Ребята с любопытством принялись рассматривать сосну, как будто ожидали, что Павел Сергеевич сейчас устроит с нею какой-нибудь фокус.
Но Павел Сергеевич ничего не устраивал, а сосна стояла не шевелясь, подпирала мудрой головой серое ковылкинское небо.
Эта сосна была знаменита. Ни в деревнях, ни в окрестных лесах не было дерева выше ковылкинской сосны, а медовый ее ствол был толще самой огромной бочки. Старики говорили, что сосна заколдована. В нее ни разу не попала молния.

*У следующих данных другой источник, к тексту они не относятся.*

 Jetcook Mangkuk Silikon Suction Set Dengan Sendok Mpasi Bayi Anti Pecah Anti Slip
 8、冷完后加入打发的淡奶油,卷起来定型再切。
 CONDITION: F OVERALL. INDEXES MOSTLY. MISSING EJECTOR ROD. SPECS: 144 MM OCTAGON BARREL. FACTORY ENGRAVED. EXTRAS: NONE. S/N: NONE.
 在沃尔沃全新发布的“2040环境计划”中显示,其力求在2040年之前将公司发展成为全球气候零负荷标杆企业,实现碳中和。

Другие, мелкие деревья июльские грозы крошили каждый год, а сосну обходили стороной.
— Это очень старая сосна, — сказал Павел Сергеевич. — И вот каждое утро, по дороге в школу, я думаю, что это про нее написал Лермонтов стихотворение… Послушайте.
На севере диком стоит одиноко
На голой вершине сосна.
И дремлет, качаясь, и снегом сыпучим,
Как ризой, одета она.
И снится ей все, что в пустыне далекой,
В том крае, где солнца восход,
Одна и грустна на утесе горючем
Прекрасная пальма растет.
Ребята помолчали, обдумывая стихотворение, а потом сразу стали спорить, про какую это сосну написано.
— Да не про нашу это!
— Про нашу! Про нашу!
— Погодите, — сказал Павел Сергеевич. — Давайте по порядку. Миша Чашин!

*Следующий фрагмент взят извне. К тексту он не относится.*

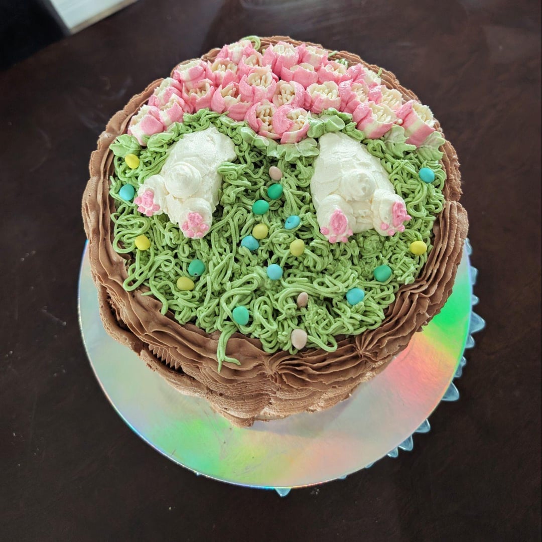 Marble cake with chocolate and vanilla buttercream. Bunny butts in a basket!by chiefybeef 2 Comments Felicity110 9 months ago What kind of flowers. What does inside look like jpaulamcg 9 months ago Cute! Good job.Write A CommentYou must be logged in to post a comment.
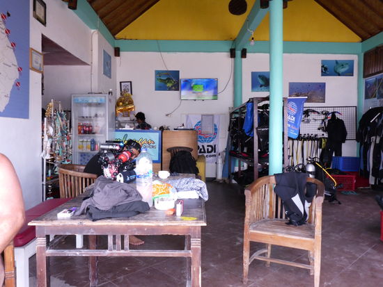 Wir wollen erst mal was trinken gehen und die Situation überdenken, wie geht es nun weiter? Das sehen wir das Schild von Lembongan Dive, fragen kostet nichts. Im Laden sitzen nur Einheimische, welche anscheinend gerade so gar nichts zu tun haben. Wir fragen mal, Anang will wissen wann wir das letzte mal getaucht sind, will unseren Dive-Ausweis sehen, das wars. Ja, wir können morgen tauchen, schnell ist das Formular ausgefüllt und eine Anzahlung hinterlegt, Equipment (schon ältere Neoprenanzüge aber Brand neue BCD) zusammenstellen und gut ist. Wir strahlen uns ungläubig an, juhu, wir gehen tauchen.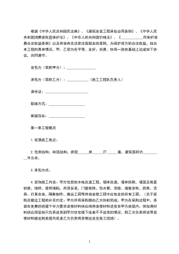 甲方:_______________乙方:_______________甲乙双方经过友好协商,就乙方承包甲方所有的装修施工事宜达成一致,签订本合同。一、乙方包干承包该房屋装修的全部施工工作,即实行“包工不包料”,甲方自备装修材料,乙方只负责施工,具体施工内容详见附件。二、包干承包费用:人民币______________整(小写______________元)。除此之外,甲方不再向乙方支付任何费用。三、支付方式:_______________1、乙方进场施工之日,甲方向乙方预付人民币______________圆整(小写¥______________元);2、乙方完成全部装修施工后,支付进度款人...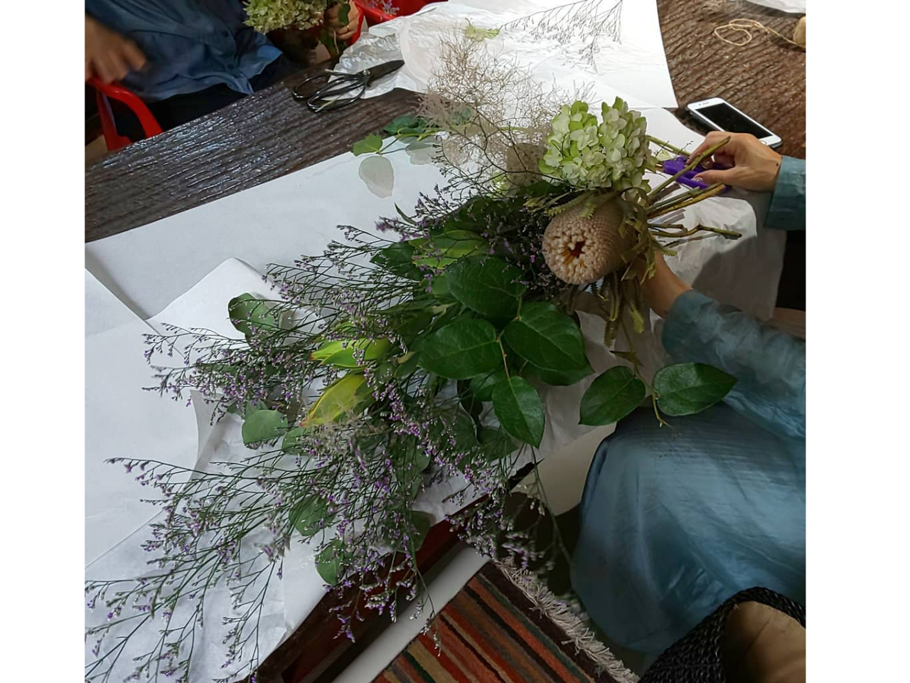 テーブルの上に飾るフラワーアレンジをつくり、レッスンの後は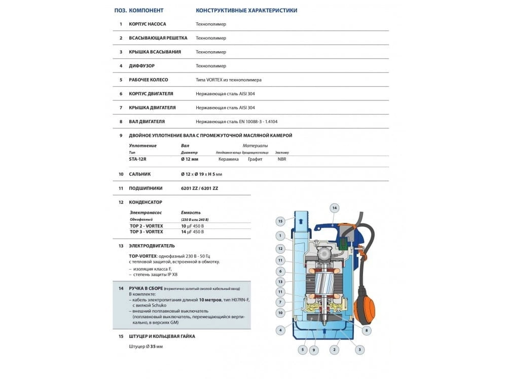 Дренажный насос Pedrollo TOP 2-VORTEX 48TOPV12A1 — ваш надёжный помощник в борьбе с водой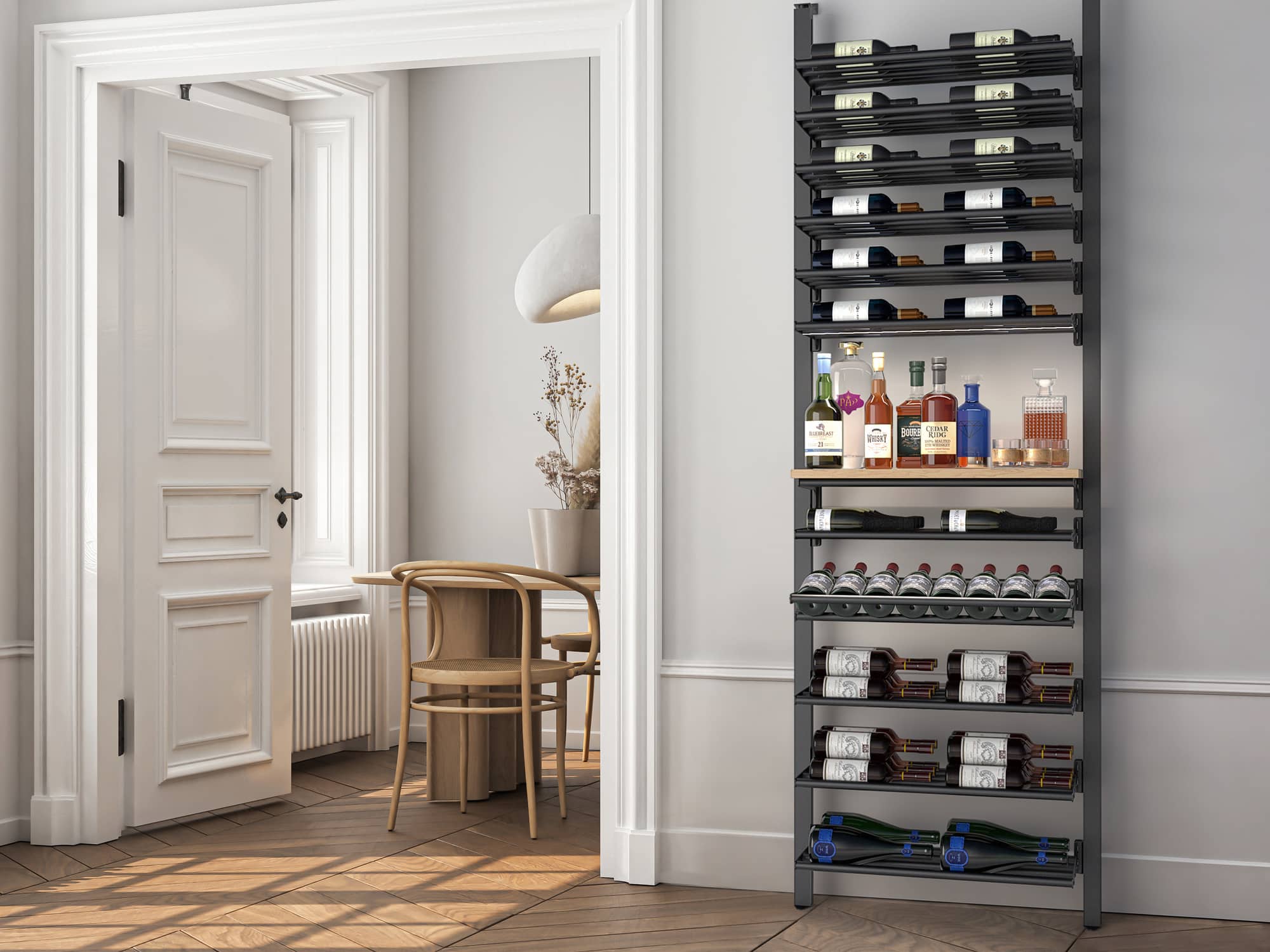Built in aluminum, the elegance of its clean lines perfectly matches its sturdiness. Offering impressive flexibility in bottle organization and presentation, it is ideal for cellars or glassed-in wine cellars, adapting equally well to small spaces and large layouts.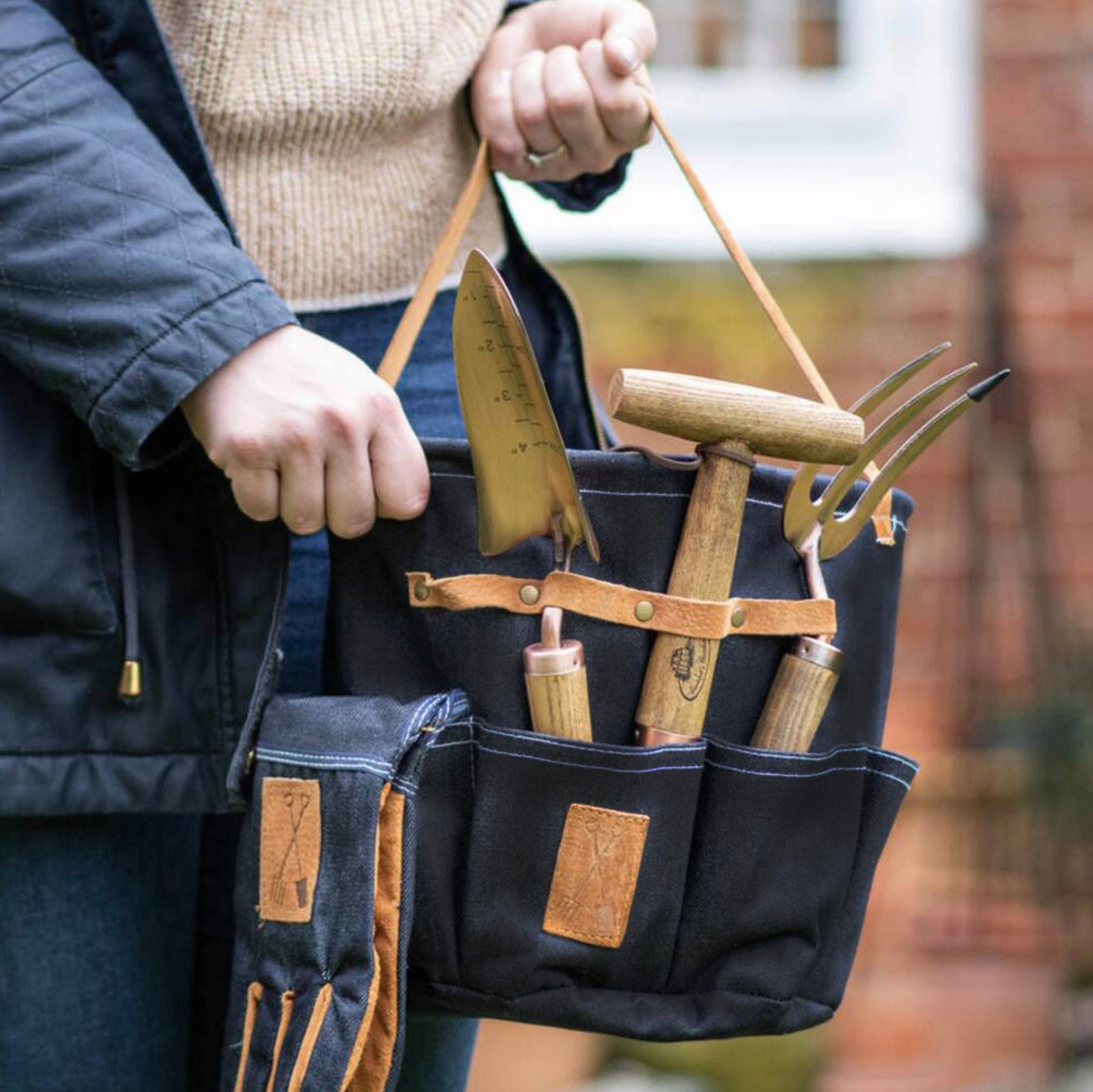 This denim garden tool bag has many spacious compartments to store garden tools. Easy to carry around the garden thanks to the sturdy handle

Второклассники замолчали. Хорошист Миша Чашин пользовался в классе авторитетом. Его уважали.
— Это не про нашу, — сказал Миша Чашин. — Нету горной вершины. Почему ничего не сказано про ферму, а ведь она под сосной?
Миша Чашин сел на место, и слово взял Коля Калинин.
— Горной вершины нет, зато есть бугорок, — сказал он. — Но дело не в этом. Стихотворение про сосну, которая стоит одиноко. Значит, и про нашу. Значит, это наша сосна спит и видит пальму.
— Пальму Меринову, — сказал Миша Чашин и засмеялся.
— Кокосовую! — закричал Коля Калинин. — Не тебя же во сне видеть!
— Спокойно! — сказал Павел Сергеевич. — Калинин, сядь. Говори, Вера.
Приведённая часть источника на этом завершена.